DIE ZEIT: Frau Kefalogianni, in Griechenland haben die Anwohner in den Küstenregionen im vergangenen Jahr gegen den zunehmenden Tourismus demonstriert. Sie forderten freien Zugang zu den Stränden. Auch auf Mallorca und den Kanaren gingen die Menschen jetzt auf die Straße. Warum beschweren sich gerade diejenigen über den Tourismus, die von ihm leben?

Olga Kefalogianni: Ich denke nicht, dass diese Beobachtung in der Breite auf Griechenland zutrifft. Der Tourismus hat uns in den schwierigen Jahren der Schuldenkrise sehr geholfen. Er hat uns Stabilität verschafft, obwohl ab 2012 viele Gäste dem Land ferngeblieben sind. Schließlich brachte die Situation im Land auch einen gewaltigen Imageschaden mit sich. Es hat dann große Anstrengungen gebraucht, Griechenland wieder stärker auf die touristische Landkarte zu bringen. Aber seitdem haben wir die Zahl der Gäste nahezu verdoppelt. 2023 war ein Rekordjahr mit 33 Millionen Ankünften im Land.

ZEIT: Aber über diese Massen beklagen sich die Leute doch.

Kefalogianni: Wir haben einen zehnjährigen Entwicklungszyklus im Tourismus hinter uns.

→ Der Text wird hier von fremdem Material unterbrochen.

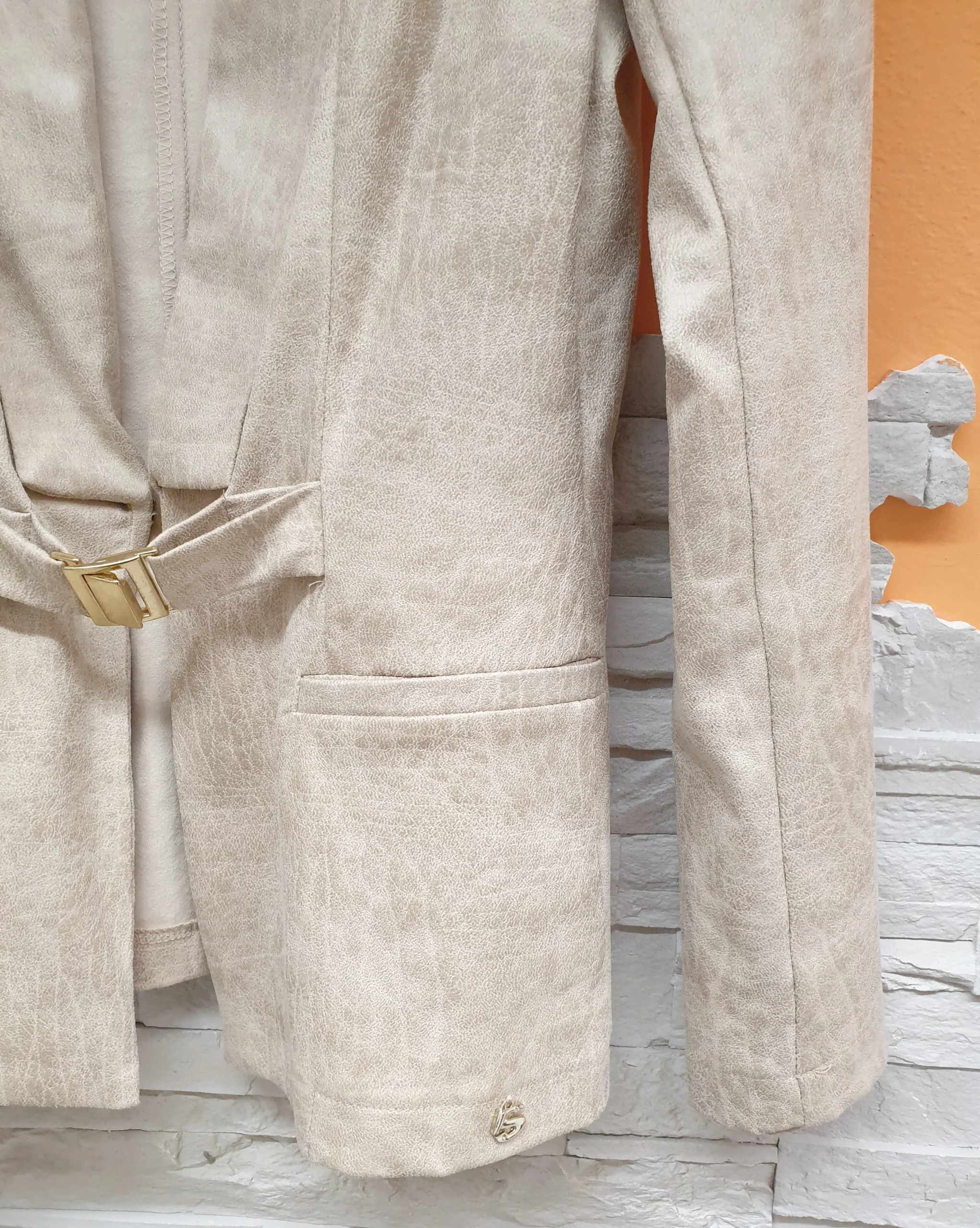 Giacca slim sabbia effetto marmorizzato con chiusura fibbietta e scollatura profonda.

Der ist jetzt abgeschlossen. Unser nächstes Ziel muss sein, mehr Ausgewogenheit zu finden. Wir müssen die Natur und die kulturellen Ressourcen besser schützen. Und wir brauchen mehr Gleichgewicht zwischen der Entwicklung des Tourismus und dem täglichen Leben der Menschen in den Gebieten, die im Moment am beliebtesten sind.

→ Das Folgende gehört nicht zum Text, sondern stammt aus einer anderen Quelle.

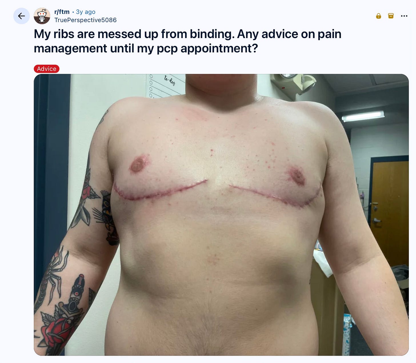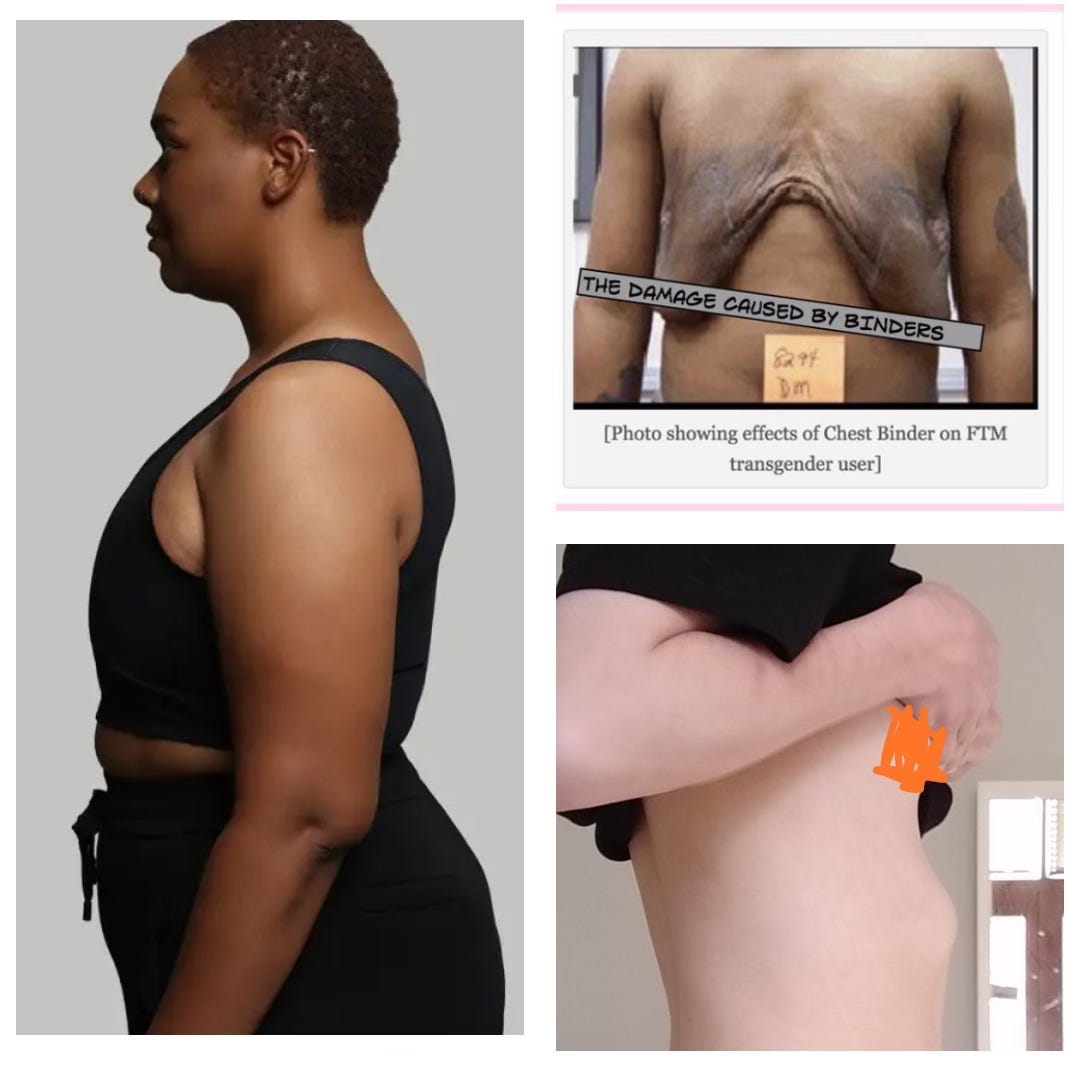 Speaking from a bit of lived experience here— breast binding is so physically uncomfortable and damaging that many girls cannot tolerate it long-term. Instead of alleviating distress, binding often worsens it by damaging breast tissue and causing significant, function-impairing harm to surrounding muscles, ribs, skin, nerves, posture, and skeletal structures. That damage is then interpreted as further evidence that the breasts themselves are intolerable or ‘wrong’ on the body. As a result, many girls become even more desperate to remove them entirely.

ZEIT: Was bedeutet das konkret?

Kefalogianni: Die Kykladeninsel Santorini beispielsweise ist ein einzigartiger Ort mit einem breiten Angebot an Unterkünften von sehr hohem Standard. Aber es darf nicht sein, dass im Sommer drei oder vier gigantische Kreuzfahrtschiffe gleichzeitig im Hafen der Insel anlegen. Das kann nicht funktionieren. Daher diskutieren wir gerade mit den Schifffahrtsbehörden und den Anbietern, wie wir ein strengeres System für die Vergabe der Slots an den Häfen schaffen.

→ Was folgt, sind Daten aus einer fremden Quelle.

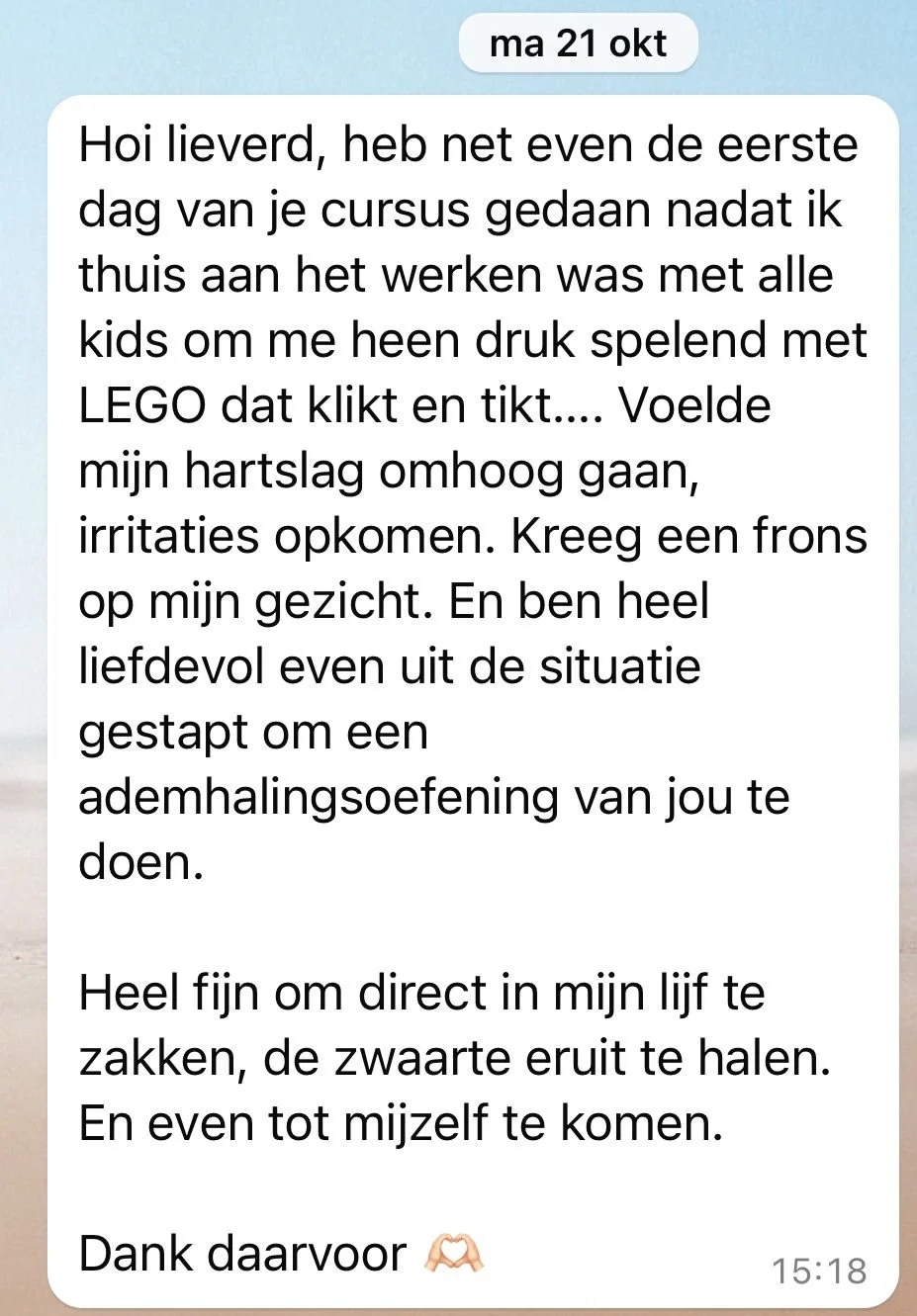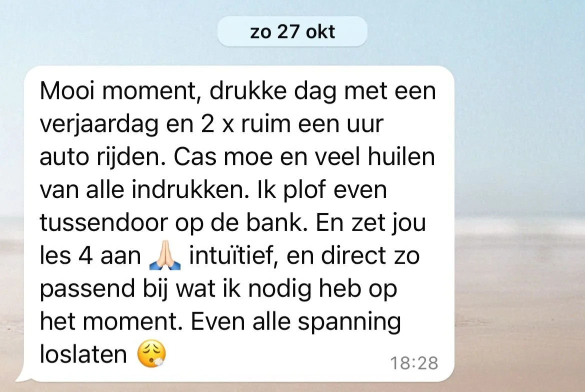 Deze cursus biedt een zachte, veilige plek voor vrouwen om los te laten wat niet meer dient en opnieuw te verbinden met wat écht belangrijk is. Elke dag breng je rust in je routine door adem- en mindsetwerk te integreren, zodat je een diepe reset kunt ervaren.

Olga Kefalogianni, 49 © imago images

ZEIT: Kann Tourismus überhaupt nachhaltig sein, wenn es doch vor allem darum geht, eine große Menge an Menschen in das Land zu bringen?

Kefalogianni: Ich denke schon. Griechenland geht beispielsweise voraus bei der Überwachung der Meeresküsten im Mittelmeerraum, um Verschmutzung zu verhindern. Die Konsequenz muss auch sein, dass wir touristische Aktivitäten in einigen Bereichen einschränken. Die griechische Regierung hat bereits vergangenes Jahr damit begonnen, die Strände zentral und mit digitalen Mitteln zu überwachen. An 200 Stränden des Landes wird es keine kommerziellen Aktivitäten mehr geben.

ZEIT: Keine kostenpflichtigen Liegen, keine Schirme, keine Strandbars?

Kefalogianni: Exakt! Jeder soll Zugang zum Strand haben, ein Handtuch hinlegen und die Sonne und das Meer genießen können.

ZEIT: Die Demonstranten aus dem vergangenen Jahr hatten mit ihren Forderungen also recht?

Kefalogianni: So würde ich das nicht sagen. Dennoch ist es wichtig, dass wir als Regierung die Anliegen der Zivilgesellschaft im Blick behalten und gleichzeitig nicht die Bedürfnisse der lokalen Wirtschaft zu sehr beschränken.